▼
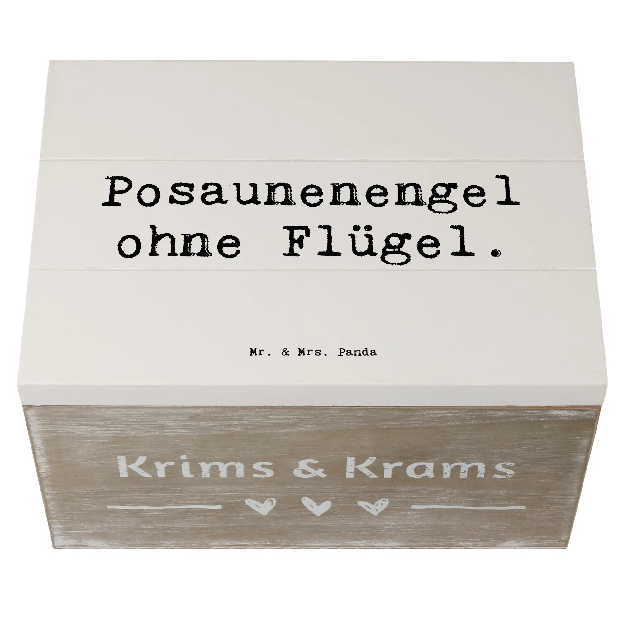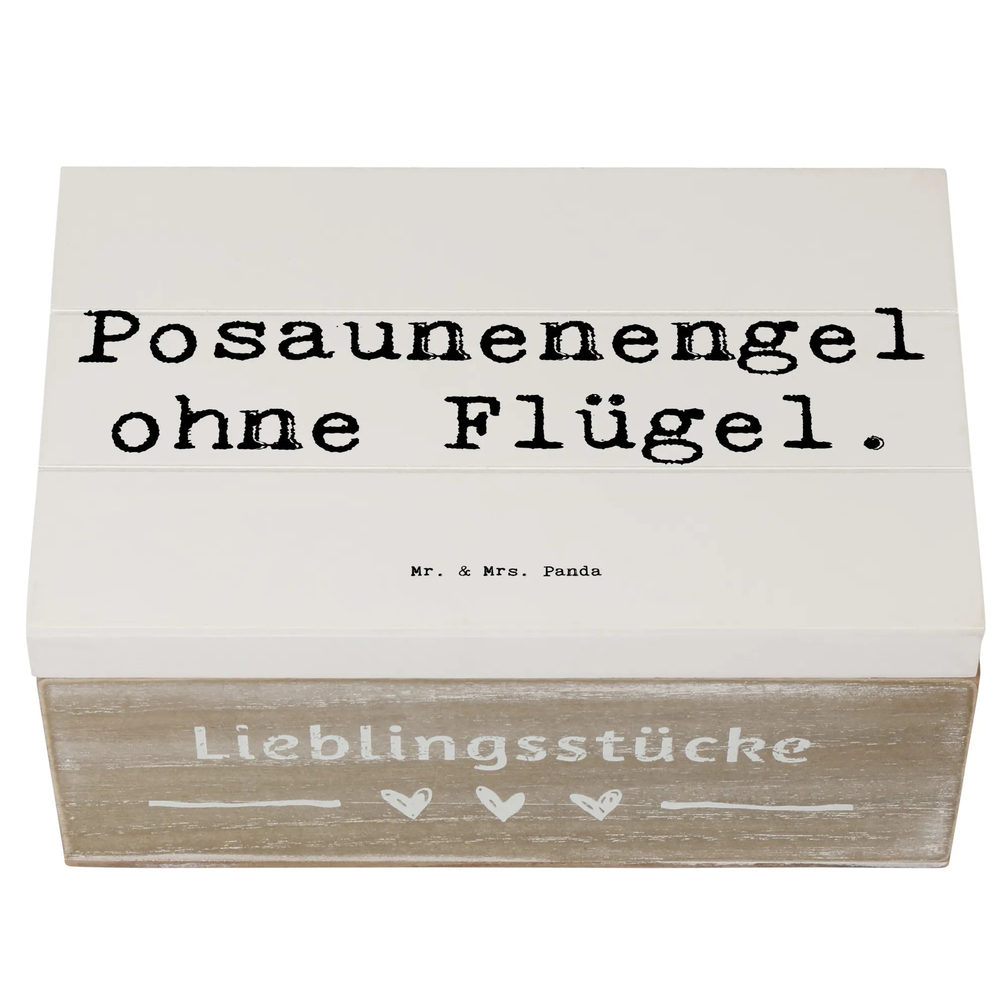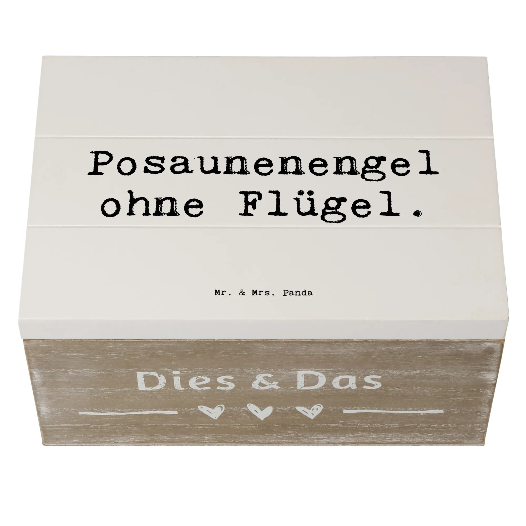 Die wunderschöne Holzkiste von Mr. & Mrs. Panda ist ein echtes Schmuckstück für alle Musikliebhaber und Posaunenspieler! Mit ihrem zauberhaften Motiv der Posaune und dem liebevollen Spruch 'Posaunenengel ohne Flügel' lässt sie nicht nur Herzen höherschlagen, sondern bietet dir auch einen idealen Platz für all deine wertvollen Erinnerungen. Ob für die ersten Schritte in die Musikwelt, besondere Anlässe wie die Kommunion oder Konfirmation, oder einfach nur als stilvolle Aufbewahrung für Fotos und andere Schätze, diese Kiste ist ein wahrhaft vielseitiges Geschenk.
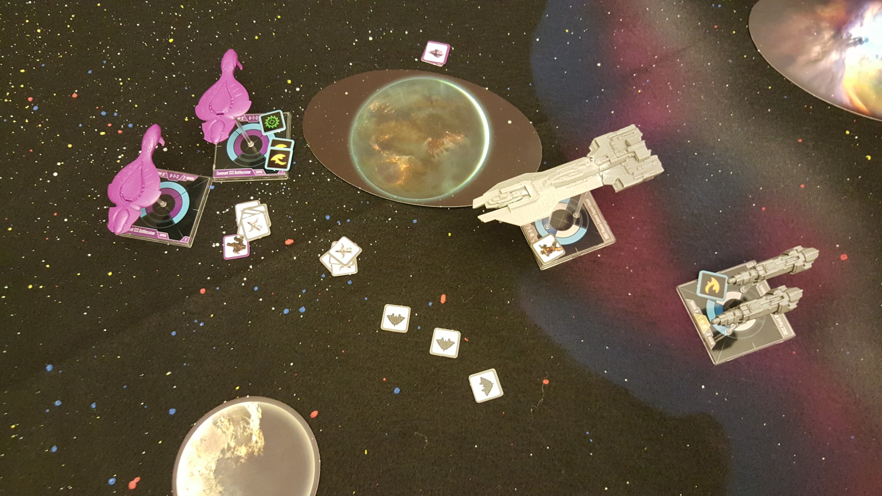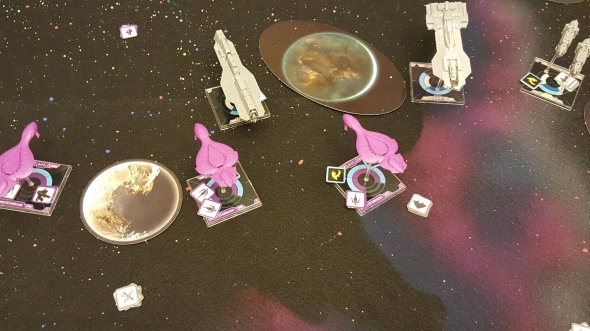 The turn climaxed when the Minister himself in the left flank battlecruiser launched a devastating volley into the carrier and the admiral failed to defend any of the hits – kaboom!!! He failed his roll to remove damage as well. The admiral was more than a little unhappy.
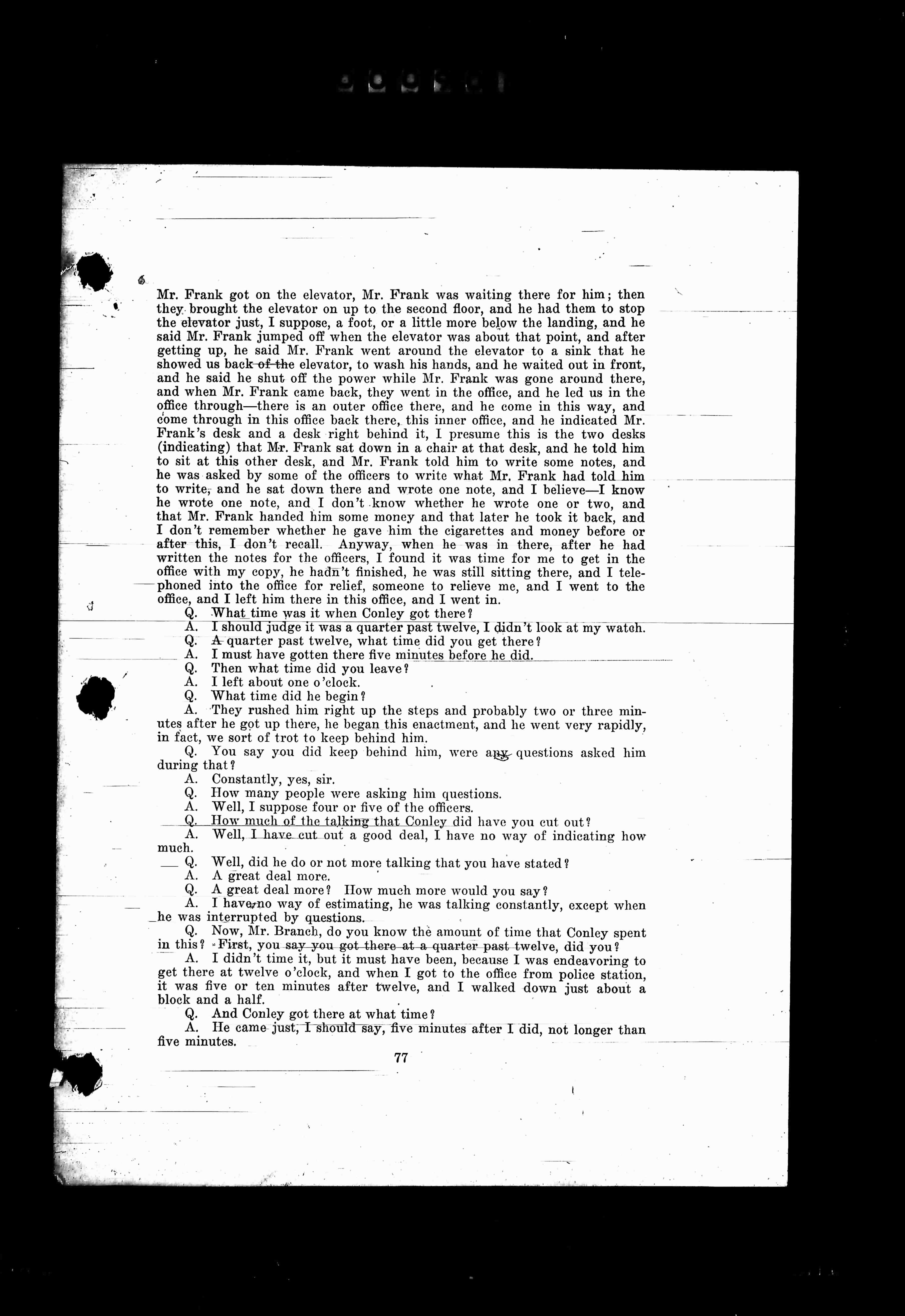 Visible Translated Text Is As Follows: Q. Who was undressing?A. Ermile Mayfield, and I came in the room, and while I was in there,Mr. Frank came to the door.Q. Mr. Frank came in the door?A. Yes, sir.Q. What did he…
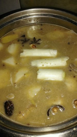 先把牛杂用高压锅闷熟烂切好备用,这样吃火锅的时候牛杂会透一些,然后准备好所有的材料
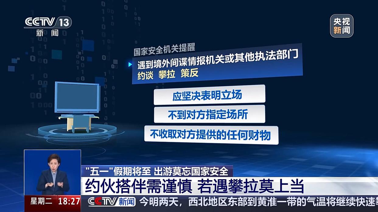 遇到境外間諜情報(bào)機(jī)關(guān)或其他執(zhí)法部門約談、攀拉、策反,應(yīng)堅(jiān)決表明立場,不到對方指定場所,不收取對方提供的任何財(cái)物,不簽署任何文件,不透露任何內(nèi)部信息,堅(jiān)持要求聯(lián)系我國駐外使領(lǐng)館尋求領(lǐng)事保護(hù)。
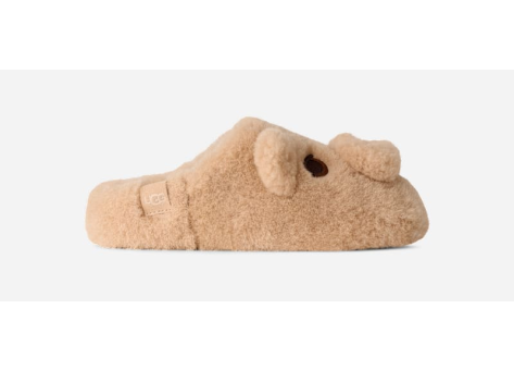 Der UGG Elea Pooch ist ein gemütlicher Slip-On Hausschuh, der Komfort und verspieltes Design vereint. Der Schuh besteht aus ultraweichem Lammfell, welches für ein angenehmes Tragegefühl sorgt, als würdest du im Pyjama auf der Couch entspannen. Besonders auffällig sind die niedlichen Hundestickereien und die detailreiche Gestaltung mit kleinen Ohren, die dem Schuh ein charmantes Aussehen verleihen. Die Außensohle ist aus flexiblem Formgummi gefertigt, was eine gute Stabilität und Rutschfestigkeit auf glatten Böden bietet. Dieses Modell eignet sich perfekt für die Nutzung im Innenbereich und vermittelt ein besonders warmes und kuscheliges Gefühl. Die Marke UGG steht für hochwertige, komfortable Hausschuhe mit charakteristischem Lammfellmaterial und stilvollen Designs.
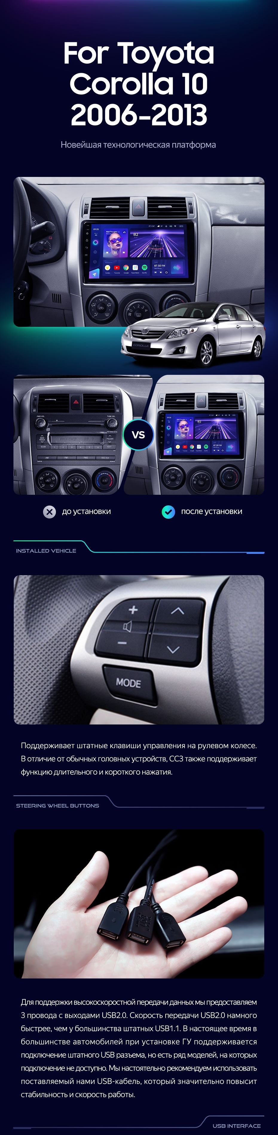 Штатная магнитола Teyes CC4 Pro 8/128 Toyota Corolla 10 E140 E150 (2006-2013) Тип-A - купить всего за 58 030 руб. в интернет-магазине в Костроме Teyes.com.ru. ✓ Самый лучший выбор мультимедиа ✓ Лучшая замена штатному ГУ ✓ Тел. +7 (800) 775-31-74
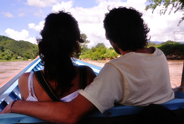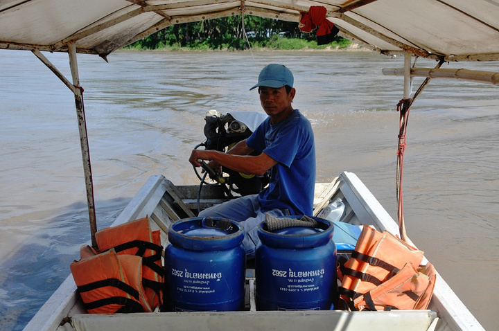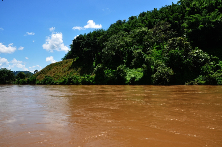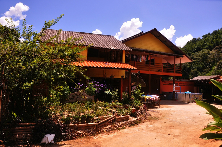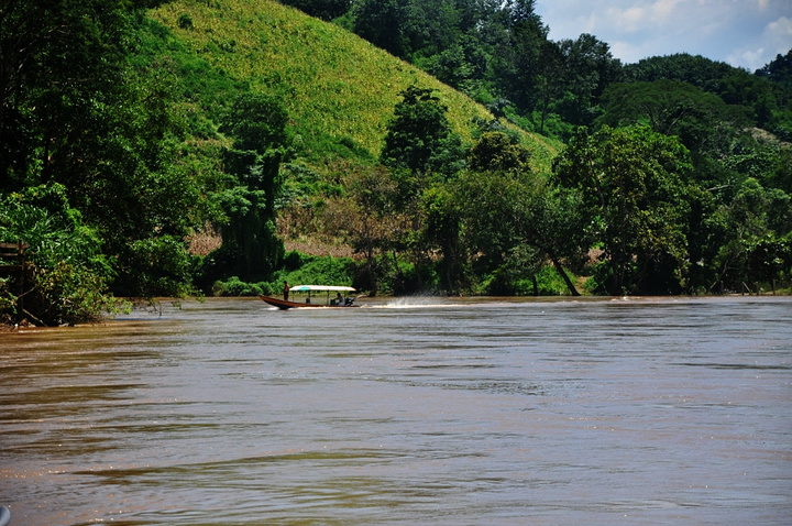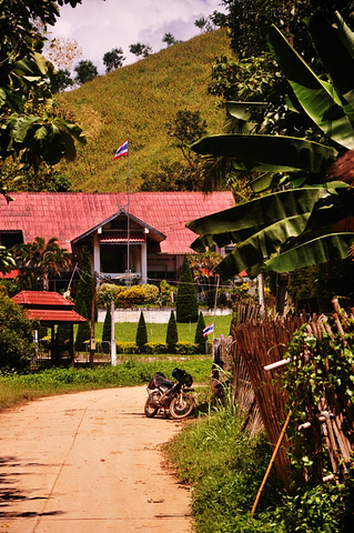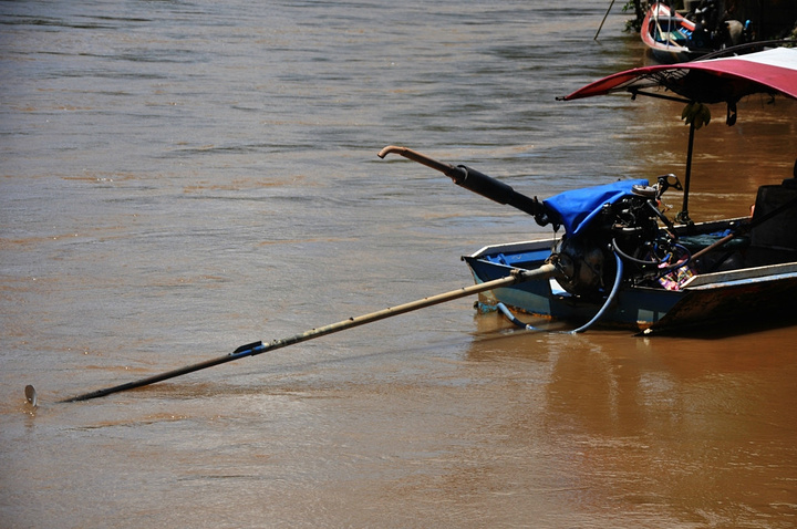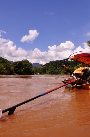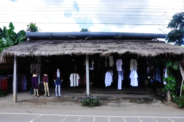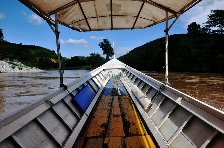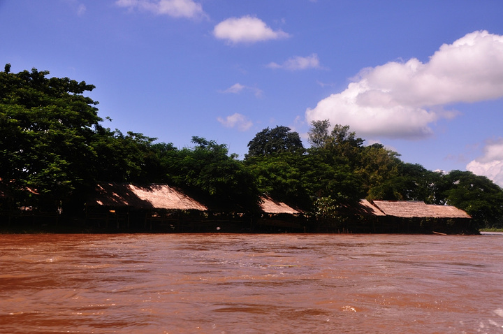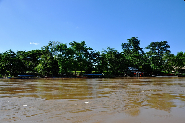 由于被晒伤 所以放弃了骑摩托的想法 座车去河边的码头 然后乘小长尾船前往这个叫ban ruammit的距清莱约二十公里的克伦族村落 从这个村落可以步行至周边的瑶族 拉軲族 阿卡族等少数民族村落 这儿离金三角很近 所以对我来说很有神秘感
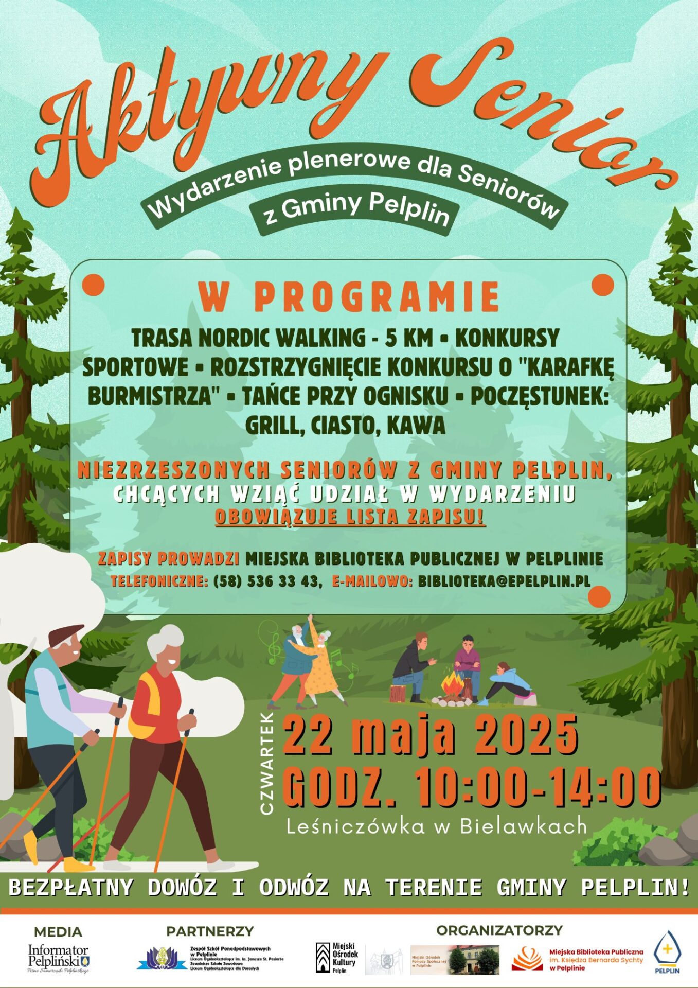 Spotkajmy się 22 maja 2025 r. o godz. 10:00 w Leśniczówce w Bielawkach. Zapewniamy bezpłatny dowóz i odwóz na terenie Gminy Pelplin.
▲
*WORK INSTRUCTIONS*
Could you give all of the data again exactly as written, omitting any pictures?

*RESULT OF THIS TASK*
 Die wunderschöne Holzkiste von Mr. & Mrs. Panda ist ein echtes Schmuckstück für alle Musikliebhaber und Posaunenspieler! Mit ihrem zauberhaften Motiv der Posaune und dem liebevollen Spruch 'Posaunenengel ohne Flügel' lässt sie nicht nur Herzen höherschlagen, sondern bietet dir auch einen idealen Platz für all deine wertvollen Erinnerungen. Ob für die ersten Schritte in die Musikwelt, besondere Anlässe wie die Kommunion oder Konfirmation, oder einfach nur als stilvolle Aufbewahrung für Fotos und andere Schätze, diese Kiste ist ein wahrhaft vielseitiges Geschenk.
 The turn climaxed when the Minister himself in the left flank battlecruiser launched a devastating volley into the carrier and the admiral failed to defend any of the hits – kaboom!!! He failed his roll to remove damage as well. The admiral was more than a little unhappy.
 Visible Translated Text Is As Follows: Q. Who was undressing?A. Ermile Mayfield, and I came in the room, and while I was in there,Mr. Frank came to the door.Q. Mr. Frank came in the door?A. Yes, sir.Q. What did he…
 先把牛杂用高压锅闷熟烂切好备用,这样吃火锅的时候牛杂会透一些,然后准备好所有的材料
 遇到境外間諜情報(bào)機(jī)關(guān)或其他執(zhí)法部門約談、攀拉、策反,應(yīng)堅(jiān)決表明立場,不到對方指定場所,不收取對方提供的任何財(cái)物,不簽署任何文件,不透露任何內(nèi)部信息,堅(jiān)持要求聯(lián)系我國駐外使領(lǐng)館尋求領(lǐng)事保護(hù)。
 Der UGG Elea Pooch ist ein gemütlicher Slip-On Hausschuh, der Komfort und verspieltes Design vereint. Der Schuh besteht aus ultraweichem Lammfell, welches für ein angenehmes Tragegefühl sorgt, als würdest du im Pyjama auf der Couch entspannen. Besonders auffällig sind die niedlichen Hundestickereien und die detailreiche Gestaltung mit kleinen Ohren, die dem Schuh ein charmantes Aussehen verleihen. Die Außensohle ist aus flexiblem Formgummi gefertigt, was eine gute Stabilität und Rutschfestigkeit auf glatten Böden bietet. Dieses Modell eignet sich perfekt für die Nutzung im Innenbereich und vermittelt ein besonders warmes und kuscheliges Gefühl. Die Marke UGG steht für hochwertige, komfortable Hausschuhe mit charakteristischem Lammfellmaterial und stilvollen Designs.
 Штатная магнитола Teyes CC4 Pro 8/128 Toyota Corolla 10 E140 E150 (2006-2013) Тип-A - купить всего за 58 030 руб. в интернет-магазине в Костроме Teyes.com.ru. ✓ Самый лучший выбор мультимедиа ✓ Лучшая замена штатному ГУ ✓ Тел. +7 (800) 775-31-74
 由于被晒伤 所以放弃了骑摩托的想法 座车去河边的码头 然后乘小长尾船前往这个叫ban ruammit的距清莱约二十公里的克伦族村落 从这个村落可以步行至周边的瑶族 拉軲族 阿卡族等少数民族村落 这儿离金三角很近 所以对我来说很有神秘感
 Spotkajmy się 22 maja 2025 r. o godz. 10:00 w Leśniczówce w Bielawkach. Zapewniamy bezpłatny dowóz i odwóz na terenie Gminy Pelplin.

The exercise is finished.